Appealing the decision of the Control Committee, Mr McKenna accepted that, by feeding his animals Category 2 meat, any contamination or drugs in that meat would get into the dog’s system, and that he may have been reckless in proceeding despite this risk.

However, Mr McKenna did not accept that he had been warned by the Control Committee in July 2015 and nevertheless continued to feed Category 2 meat to his greyhounds, taking a chance knowing he was in breach of regulations.

In August 2017, the Control Appeal Committee of the Irish Greyhound Board dismissed Mr McKenna’s appeal, finding, inter alia, that:

  • The feeding regime could not be considered normal and ordinary feeding;
  • The testing maintenance an control while in the UK laboratory was in order and the certificate from it could be relied on;
  • Mr McKenna engaged in a reckless feeding regime and must accept the consequences; and
  • It was bound by the provisions contained in the 2007/2008 Regulations.

Application for judicial review

In the High Court, Mr McKenna sought:

  • An order of certiorari in respect of the Appeal Committee’s decision, together with an order that his appeal be remitted to another division of the Appeal Committee for reconsideration; and
  • A declaration that the Appeal Committee failed to determine the appeal in accordance with law, and/or acted contrary to fair procedure and/or natural justice, and/or unreasonably, and/or irrationally. Mr McKenna submitted that the decision was based on serious errors of fact and breached the principles of legitimate expectation and proportionality and was objectively unjustified discrimination against him. 

Considering the application, Ms Justice O’Regan firstly rejected Mr McKenna’s submissions complaining about the custody chain when the sample was sent to a UK laboratory for testing. In this regard it was an important consideration that Mr McKenna’s submissions to the Appeal Committee “did not include a denial of hydrochlorothiazide being in the dog’s system”.

Ms Justice O’Regan explained that while Mr McKenna had complained that he had not been given a caution in July 2015 in regards to his feeding regime, there was no mention of such a caution in the Control Appeal Committee’s decision. As such, Ms Justice O’Regan was satisfied that Mr McKenna had failed to establish that this issue formed the basis of the Appeal Committee’s decision.

Ms Justice O’Regan was also satisfied that there were ample reasons for the Appeal Committee’s finding that the feeding regime was not considered normal and ordinary feeding. It was notable that Mr McKenna did not have a Category 2 feeding licence in September 2015, but nevertheless continued to feed his greyhounds Category 2 feed being aware that this was a risk.

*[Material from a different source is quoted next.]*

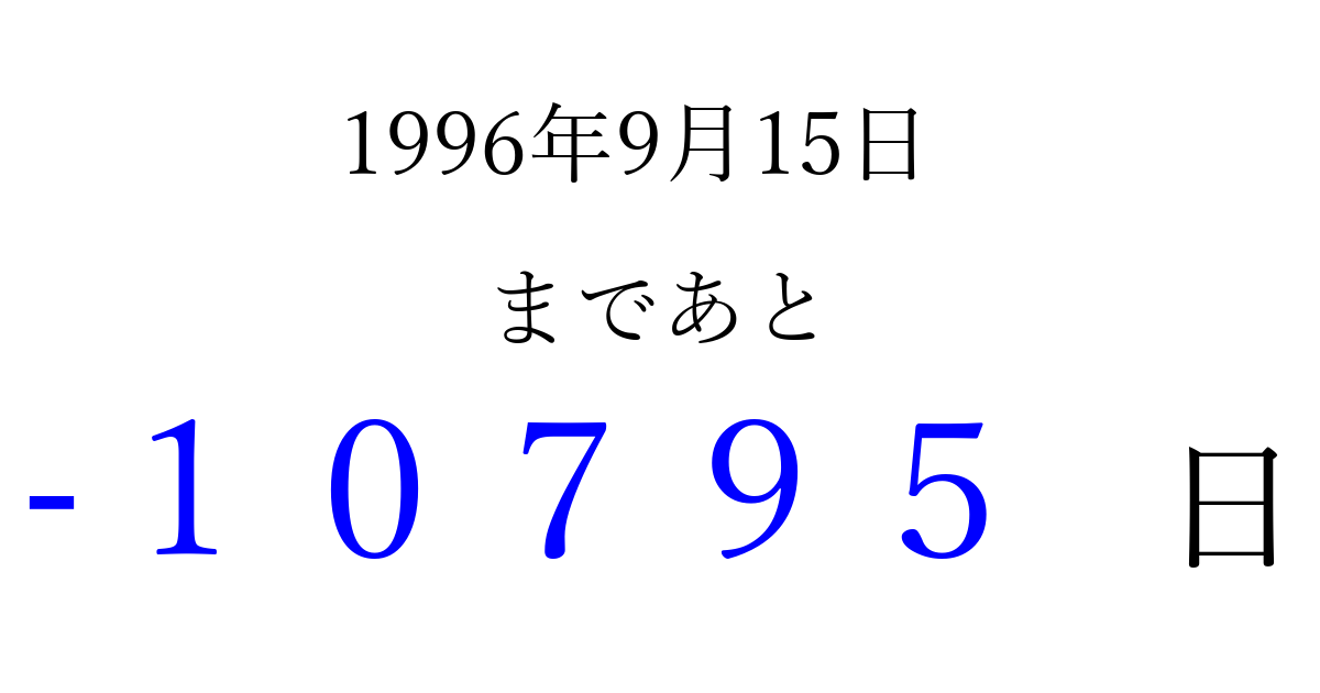 1996年9月15日(日)は もう 00000 日過ぎました 追加すると、トップページからすぐ選べるようになります ※2026/04/06現在の結果です。 最新の状態に更新する ↓シェアして、タイムライン上にカウントダウンを表示しよう!↓ 📤 この結果を共有する Tweet シェア Threads Bluesky 別の日付でカウントダウン 1996年9月のカレンダー このページをブックマークに追加すると、いつでもカウントダウンを確認できます。 (PC: Ctrl+D / Mac: ⌘+D) hitome-notes.comでは以下のページも運営しています。 指定日と期間から日付を計算 | ガチャ確率計算・シミュレーション | プライバシー・ポリシー 運営者:Avocado

Mr McKenna did not receive his meat feeder’s licence until October 2015, so there was evidence that his feeding regime was contrary to the statutory provisions. Ms Justice O’Regan said that the fact that IGB did not issue an advisory notice regarding feeding until November 2015 did not mean that feeding Category 2 meat without a licence was permissible. In this regard, Ms Justice O’Regan said there was “no evidence whatsoever” that there was a retrospective application of the advisory note.

Dismissing Mr McKenna’s application, Ms Justice O’Regan was satisfied that Mr McKenna had failed to discharge the burden necessary to secure an order of certiorari in respect of the Control Appeal Committee’s decision.